What needs to be done
The part below that opens with the line containing "明日之后什么時候能加入營地_明日之后什么時候能加入營地啊" and closes with the line containing "Relájese en este" should be copied exactly, minus any pictures.

[Provided information Boundary: Start]

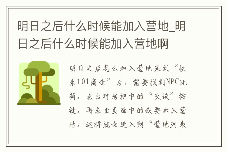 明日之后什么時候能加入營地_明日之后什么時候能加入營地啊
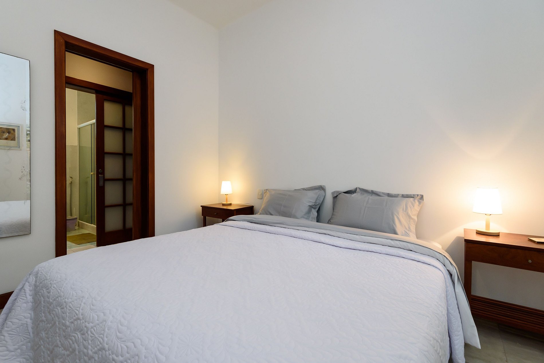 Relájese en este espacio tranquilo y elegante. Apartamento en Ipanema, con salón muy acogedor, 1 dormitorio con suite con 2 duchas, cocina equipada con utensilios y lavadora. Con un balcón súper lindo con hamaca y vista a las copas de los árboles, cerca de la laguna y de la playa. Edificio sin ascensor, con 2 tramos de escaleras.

[Provided information Boundary: End]
[Provided information Boundary: Start]

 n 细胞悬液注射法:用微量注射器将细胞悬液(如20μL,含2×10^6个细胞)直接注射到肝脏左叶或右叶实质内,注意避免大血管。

[Provided information Boundary: End]

Answer
 明日之后什么時候能加入營地_明日之后什么時候能加入營地啊
 Relájese en este espacio tranquilo y elegante. Apartamento en Ipanema, con salón muy acogedor, 1 dormitorio con suite con 2 duchas, cocina equipada con utensilios y lavadora. Con un balcón súper lindo con hamaca y vista a las copas de los árboles, cerca de la laguna y de la playa. Edificio sin ascensor, con 2 tramos de escaleras.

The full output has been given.